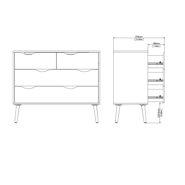 Oslo Chest of 4 Drawers (2+2) in Black and Oak - UK
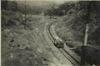 Nederlands Indië 7 December Divisie; spoorweg met een jeep op spoorwielen op de rails, militairen
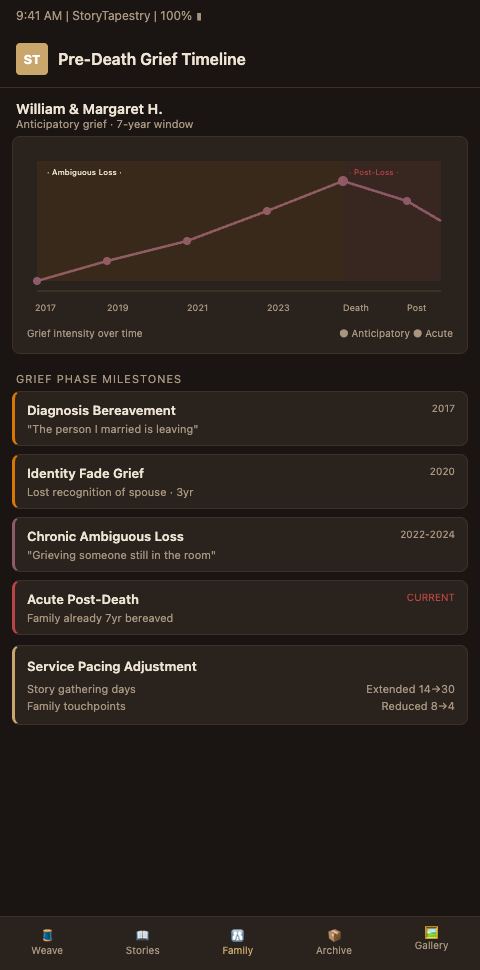 Contradictory Memory Reconciliation carries unusual weight for pre-death grief. Family members often disagree about when the person "really" became unreachable. The tapestry preserves these disagreements as parallel threads, acknowledging that one sibling may have experienced the loss years earlier than another. Grief timelines in dementia simply do not match the standard bereavement expectations the industry was built around.

**Try it:** Nothing but the lines from the one holding "Nederlands Indië 7" through the last line of the listing should appear in the answer, copied exactly and without pictures.

**Task solution:**
 Nederlands Indië 7 December Divisie; spoorweg met een jeep op spoorwielen op de rails, militairen
 Contradictory Memory Reconciliation carries unusual weight for pre-death grief. Family members often disagree about when the person "really" became unreachable. The tapestry preserves these disagreements as parallel threads, acknowledging that one sibling may have experienced the loss years earlier than another. Grief timelines in dementia simply do not match the standard bereavement expectations the industry was built around.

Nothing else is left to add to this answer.